> _Problem to solve_
In the material below, find the line containing "Рис. 29. Цепная" and the line containing "根据易观国际Enfodesk", then reproduce exactly both of them and every line between, and nothing else.

> _Records for the exercise_
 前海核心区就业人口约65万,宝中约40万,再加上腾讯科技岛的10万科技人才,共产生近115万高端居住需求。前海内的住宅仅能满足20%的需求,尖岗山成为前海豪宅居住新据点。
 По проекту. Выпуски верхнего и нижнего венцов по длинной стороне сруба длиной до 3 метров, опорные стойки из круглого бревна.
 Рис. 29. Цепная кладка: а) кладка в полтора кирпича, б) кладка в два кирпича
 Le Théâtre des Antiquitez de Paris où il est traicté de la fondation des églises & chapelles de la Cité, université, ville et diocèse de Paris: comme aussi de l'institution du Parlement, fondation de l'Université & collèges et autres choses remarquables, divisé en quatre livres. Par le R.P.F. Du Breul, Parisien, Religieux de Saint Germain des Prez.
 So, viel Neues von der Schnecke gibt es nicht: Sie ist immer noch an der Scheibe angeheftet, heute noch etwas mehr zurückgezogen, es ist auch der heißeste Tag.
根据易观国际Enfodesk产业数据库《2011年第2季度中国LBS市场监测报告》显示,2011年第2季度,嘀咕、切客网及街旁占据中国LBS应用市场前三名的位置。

...

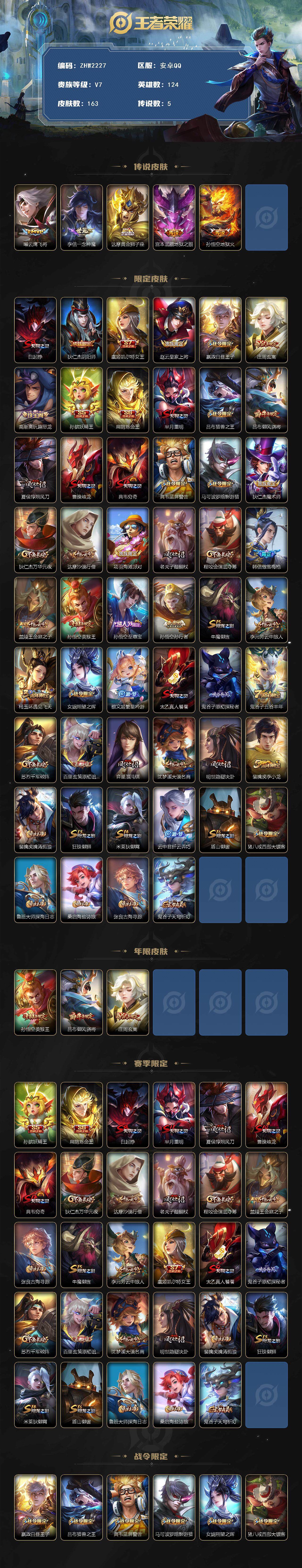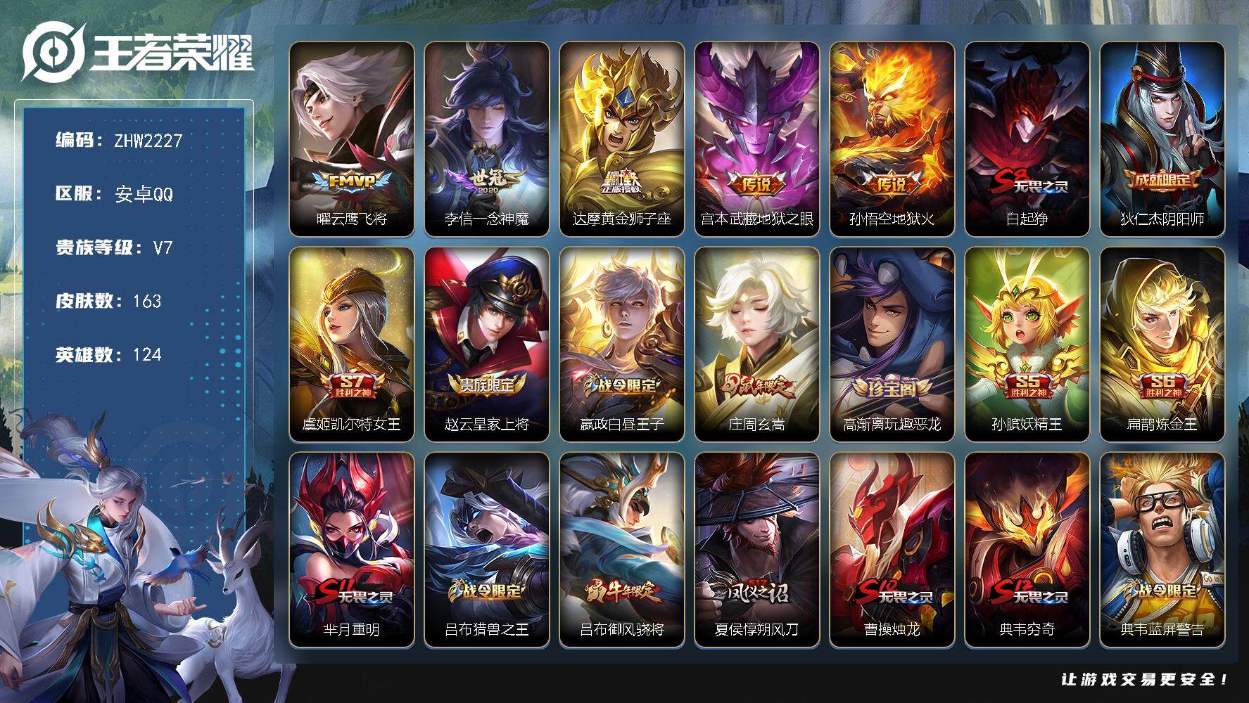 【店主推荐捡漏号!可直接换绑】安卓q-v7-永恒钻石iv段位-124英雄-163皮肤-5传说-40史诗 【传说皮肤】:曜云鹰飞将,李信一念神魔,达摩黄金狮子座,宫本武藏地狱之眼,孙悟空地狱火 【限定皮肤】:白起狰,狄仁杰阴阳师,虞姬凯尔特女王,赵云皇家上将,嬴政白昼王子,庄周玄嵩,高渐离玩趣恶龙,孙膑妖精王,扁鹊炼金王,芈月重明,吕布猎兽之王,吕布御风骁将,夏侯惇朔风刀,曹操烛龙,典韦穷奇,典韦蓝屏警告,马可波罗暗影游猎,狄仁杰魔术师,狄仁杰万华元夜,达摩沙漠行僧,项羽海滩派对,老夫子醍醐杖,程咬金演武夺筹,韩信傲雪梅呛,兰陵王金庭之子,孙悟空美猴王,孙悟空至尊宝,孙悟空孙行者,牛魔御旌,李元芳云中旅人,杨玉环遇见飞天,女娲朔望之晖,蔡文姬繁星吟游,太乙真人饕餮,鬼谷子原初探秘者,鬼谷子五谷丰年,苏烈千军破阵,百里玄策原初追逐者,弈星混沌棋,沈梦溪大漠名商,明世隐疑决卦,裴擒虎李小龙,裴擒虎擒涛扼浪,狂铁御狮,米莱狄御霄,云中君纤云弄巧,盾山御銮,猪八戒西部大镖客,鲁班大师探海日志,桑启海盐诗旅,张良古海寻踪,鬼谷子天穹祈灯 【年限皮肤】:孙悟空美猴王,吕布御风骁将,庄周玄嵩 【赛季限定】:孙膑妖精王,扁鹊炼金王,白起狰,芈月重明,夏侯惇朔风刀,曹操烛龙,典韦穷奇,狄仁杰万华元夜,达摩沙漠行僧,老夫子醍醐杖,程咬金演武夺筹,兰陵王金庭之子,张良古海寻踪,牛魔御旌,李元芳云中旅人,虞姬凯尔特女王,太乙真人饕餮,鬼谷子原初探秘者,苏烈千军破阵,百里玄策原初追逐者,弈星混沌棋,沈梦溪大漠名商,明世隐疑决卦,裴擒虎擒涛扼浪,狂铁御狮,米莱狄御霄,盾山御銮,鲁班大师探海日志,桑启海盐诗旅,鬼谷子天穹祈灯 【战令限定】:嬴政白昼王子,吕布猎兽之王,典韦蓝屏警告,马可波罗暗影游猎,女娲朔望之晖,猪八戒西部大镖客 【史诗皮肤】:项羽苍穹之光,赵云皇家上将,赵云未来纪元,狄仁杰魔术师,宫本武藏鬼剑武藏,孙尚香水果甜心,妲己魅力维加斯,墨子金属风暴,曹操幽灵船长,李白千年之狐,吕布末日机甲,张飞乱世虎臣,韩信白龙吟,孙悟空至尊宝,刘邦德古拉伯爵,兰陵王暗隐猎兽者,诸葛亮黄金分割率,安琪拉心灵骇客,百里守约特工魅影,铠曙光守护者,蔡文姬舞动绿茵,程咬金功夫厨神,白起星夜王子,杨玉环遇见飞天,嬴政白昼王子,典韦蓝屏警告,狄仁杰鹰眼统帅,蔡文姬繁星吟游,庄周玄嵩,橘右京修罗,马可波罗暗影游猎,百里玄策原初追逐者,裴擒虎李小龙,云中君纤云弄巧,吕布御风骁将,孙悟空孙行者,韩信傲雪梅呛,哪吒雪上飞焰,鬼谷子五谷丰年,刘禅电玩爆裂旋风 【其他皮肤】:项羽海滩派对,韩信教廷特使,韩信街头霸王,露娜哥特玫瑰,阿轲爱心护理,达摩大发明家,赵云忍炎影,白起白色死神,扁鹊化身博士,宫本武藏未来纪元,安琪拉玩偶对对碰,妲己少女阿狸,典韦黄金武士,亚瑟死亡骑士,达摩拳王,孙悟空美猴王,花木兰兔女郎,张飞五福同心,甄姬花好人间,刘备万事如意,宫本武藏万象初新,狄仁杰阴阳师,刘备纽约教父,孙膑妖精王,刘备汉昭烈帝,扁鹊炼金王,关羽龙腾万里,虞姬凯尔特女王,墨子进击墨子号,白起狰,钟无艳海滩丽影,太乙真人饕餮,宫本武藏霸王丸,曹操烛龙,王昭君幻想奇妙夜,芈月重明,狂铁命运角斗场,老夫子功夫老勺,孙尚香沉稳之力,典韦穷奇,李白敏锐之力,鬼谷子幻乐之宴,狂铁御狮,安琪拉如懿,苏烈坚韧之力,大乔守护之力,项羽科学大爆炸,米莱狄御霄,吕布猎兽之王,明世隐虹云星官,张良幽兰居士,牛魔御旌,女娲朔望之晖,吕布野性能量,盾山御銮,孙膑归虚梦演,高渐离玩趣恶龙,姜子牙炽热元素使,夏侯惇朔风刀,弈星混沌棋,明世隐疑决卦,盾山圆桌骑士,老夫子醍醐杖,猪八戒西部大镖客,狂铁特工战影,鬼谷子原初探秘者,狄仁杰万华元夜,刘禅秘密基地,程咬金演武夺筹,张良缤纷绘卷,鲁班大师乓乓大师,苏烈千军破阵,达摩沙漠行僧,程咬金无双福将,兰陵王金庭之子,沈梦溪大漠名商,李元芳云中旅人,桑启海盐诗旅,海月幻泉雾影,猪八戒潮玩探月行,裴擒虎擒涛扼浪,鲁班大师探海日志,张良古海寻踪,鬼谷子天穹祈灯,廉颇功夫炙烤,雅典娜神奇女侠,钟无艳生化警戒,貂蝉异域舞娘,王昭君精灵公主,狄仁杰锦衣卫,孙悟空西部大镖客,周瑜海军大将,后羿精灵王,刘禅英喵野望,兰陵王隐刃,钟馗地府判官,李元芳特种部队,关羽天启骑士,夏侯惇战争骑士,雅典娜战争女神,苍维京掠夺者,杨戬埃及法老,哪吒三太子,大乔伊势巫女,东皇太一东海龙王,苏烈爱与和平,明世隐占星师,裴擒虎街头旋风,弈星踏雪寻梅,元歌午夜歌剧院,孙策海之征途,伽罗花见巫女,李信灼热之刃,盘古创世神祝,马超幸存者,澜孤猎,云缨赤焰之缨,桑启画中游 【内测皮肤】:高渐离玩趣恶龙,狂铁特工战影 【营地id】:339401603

--

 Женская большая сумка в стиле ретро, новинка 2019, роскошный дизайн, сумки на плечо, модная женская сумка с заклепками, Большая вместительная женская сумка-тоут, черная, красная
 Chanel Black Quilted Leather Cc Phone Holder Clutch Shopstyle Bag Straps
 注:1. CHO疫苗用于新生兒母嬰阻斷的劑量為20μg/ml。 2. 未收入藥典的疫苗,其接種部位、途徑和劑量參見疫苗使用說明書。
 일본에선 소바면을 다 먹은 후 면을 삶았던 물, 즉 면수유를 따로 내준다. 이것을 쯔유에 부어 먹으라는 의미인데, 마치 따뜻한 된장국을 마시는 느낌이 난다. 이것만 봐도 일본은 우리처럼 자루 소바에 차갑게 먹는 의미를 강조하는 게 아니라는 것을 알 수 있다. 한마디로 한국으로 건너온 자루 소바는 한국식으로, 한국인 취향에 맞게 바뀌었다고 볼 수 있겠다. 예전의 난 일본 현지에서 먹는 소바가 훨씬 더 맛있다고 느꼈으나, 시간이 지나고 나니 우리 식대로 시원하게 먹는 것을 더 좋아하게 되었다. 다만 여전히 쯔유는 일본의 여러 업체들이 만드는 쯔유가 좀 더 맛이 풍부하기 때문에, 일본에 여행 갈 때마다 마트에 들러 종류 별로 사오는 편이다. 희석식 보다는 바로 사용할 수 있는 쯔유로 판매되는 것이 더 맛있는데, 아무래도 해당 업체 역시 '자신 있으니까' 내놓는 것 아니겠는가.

> _The answer_
 Рис. 29. Цепная кладка: а) кладка в полтора кирпича, б) кладка в два кирпича
 Le Théâtre des Antiquitez de Paris où il est traicté de la fondation des églises & chapelles de la Cité, université, ville et diocèse de Paris: comme aussi de l'institution du Parlement, fondation de l'Université & collèges et autres choses remarquables, divisé en quatre livres. Par le R.P.F. Du Breul, Parisien, Religieux de Saint Germain des Prez.
 So, viel Neues von der Schnecke gibt es nicht: Sie ist immer noch an der Scheibe angeheftet, heute noch etwas mehr zurückgezogen, es ist auch der heißeste Tag.
根据易观国际Enfodesk产业数据库《2011年第2季度中国LBS市场监测报告》显示,2011年第2季度,嘀咕、切客网及街旁占据中国LBS应用市场前三名的位置。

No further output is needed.